But go ahead because if you can get 1/2" to work it is "better".:cheer:

Talked to Jason at Howe Steering and he is gonna hook me up with a new pump, pully and res. He said I need to run a heat sink style cooler also. I got one of those on the way. He also said be sure to mount the res at the highest point in the system and to run 1/2" line on the return and 3/4" line as the suction or feed to the pump.

Thank guys for all the help, Jason just kind of restated what you all said so now I am just waiting for parts. :awesomework:
 
Talked to Jason at Howe Steering and he is gonna hook me up with a new pump, pully and res. He said I need to run a heat sink style cooler also. I got one of those on the way. He also said be sure to mount the res at the highest point in the system and to run 1/2" line on the return and 3/4" line as the suction or feed to the pump.

Thank guys for all the help, Jason just kind of restated what you all said so now I am just waiting for parts. :awesomework:

DOH, I should have mentioned that i make heat sink coolers.

fwiw i have 1 inch suction line rated to 25 inch of vacuum(?) and a 3/8ths return to remote res. I'll look at the suction line tomorrow to verify this. Sean had a very detailed schematic he sent with my system.

He still hasnt called me back and ive left messages, At his home! lol
 
DOH, I should have mentioned that i make heat sink coolers.

fwiw i have 1 inch suction line rated to 25 inch of vacuum(?) and a 3/8ths return to remote res. I'll look at the suction line tomorrow to verify this. Sean had a very detailed schematic he sent with my system.
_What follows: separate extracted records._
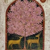 In the lower part of the image, you can see two golden antelopes, gracefully standing on either side of the tree. Their poses are graceful and harmonious, which gives the picture a sense of symmetry and balance. Green grass spreads around them, adding liveliness and naturalness to the composition.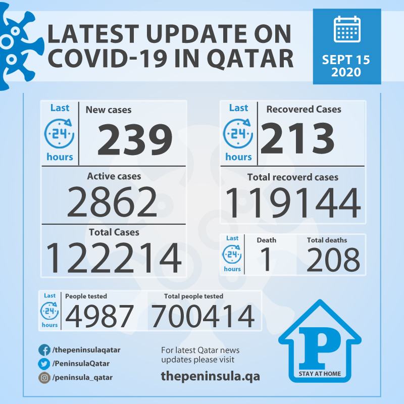 Doha: Ministry of Public Health (MoPH) today recorded 239 new cases of coronavirus (COVID-19) and 213 people recovered from the virus in the last 24 hours, bringing the total number of people recovered in Qatar to 119,144.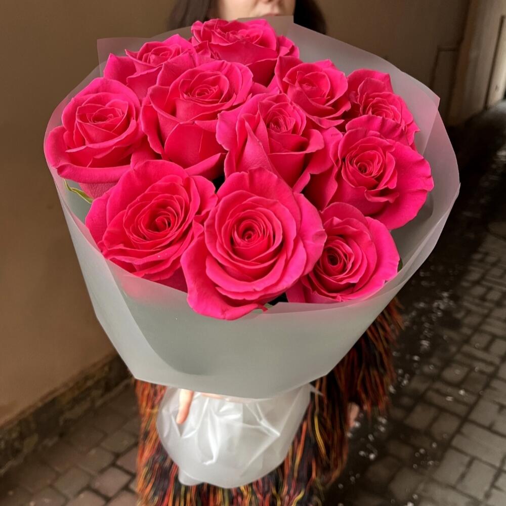 Июль: 11 малиновых роз сорта Пинк Флойд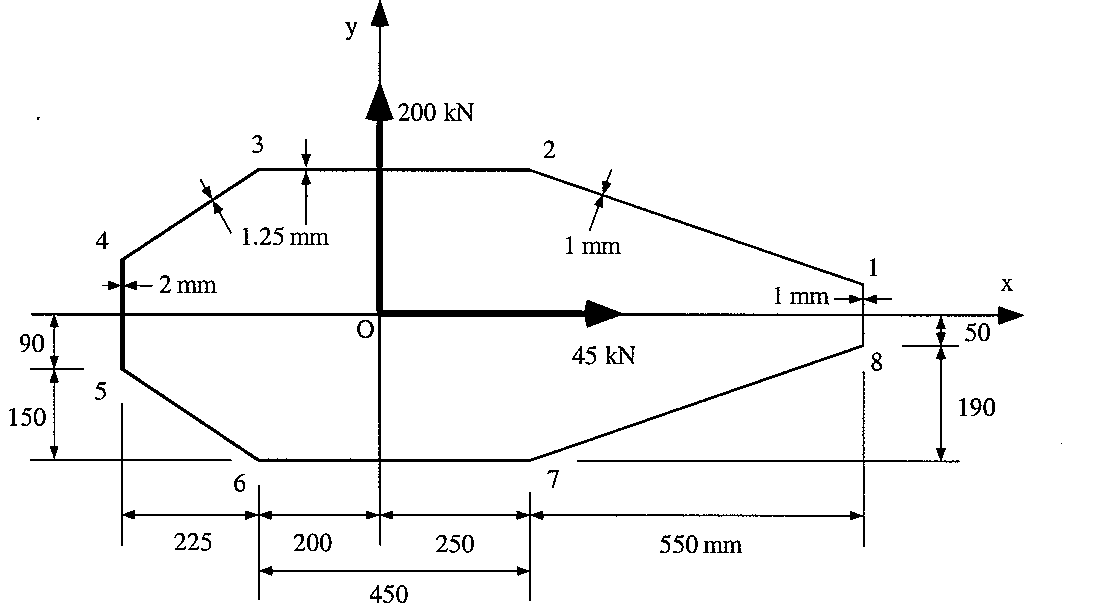 1)Sketch on each skin/web an assumed direction for the shear flow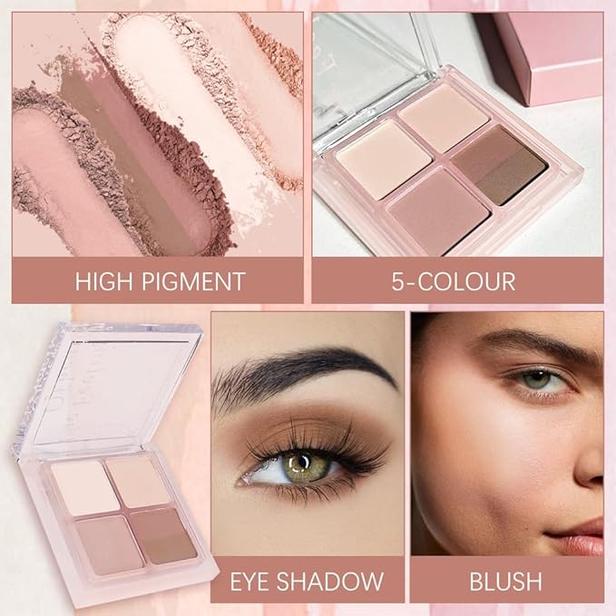 5 Colors Matte Eyeshadow Palette for Eye Makeup, Brown Eyeshadow Quads Velvety Pigmented Blendable Matte, Talc-Free

He still hasnt called me back and ive left messages, At his home! lol

Joe,
I finally talked to Sean last night and the conversation ended too quick, 30 min, and I didnt get enough info out of him.

I have a question for all you nut swingers out there.. how come every single steering company has a different opinon and contridicts one another. All I want is to stop buying parts I dont need and get the right parts that will work without issue for a long time. I am so freakin tired of this problem.

PSC says: Its my ram that is killing pumps, I need a 2.5" ram and thats it. This was not a very informative conversation.. It came accross as "buy my parts".

Howe says: I have air in my lines, my cooler is not the right type. Buy a heat sink cooler and jump up to a 1/2" return line, dont mod the pumps and try and new napa pump. Seems a little more helpful.

POS says: There is no such thing as air in my lines since the flow of fluid and it being a closed loop system the only place the air can go is out the res even if the res is mounted 2' below the system. He said that the cooler that I have is not the best but a heat sink cooler is the worst, almost zero heat disapation cause all it is is just a tube. He told me to get a stacked core cooler. He also said my ram is on the small side for a double ended ram only being a 2" bore with a 1.25" rod and 8" stoke It is causing the bump to go into bypass mode. He also said the mods to the last pump where what killed it so quick but not the only thing that killed it. He said I could get away with my res and napa pump if I had a 2.5" ram. Being that my orbital is 2.9 revs lock to lock that increases that by 60% making it slow. So if I want faster steering I will need a bigger orbital.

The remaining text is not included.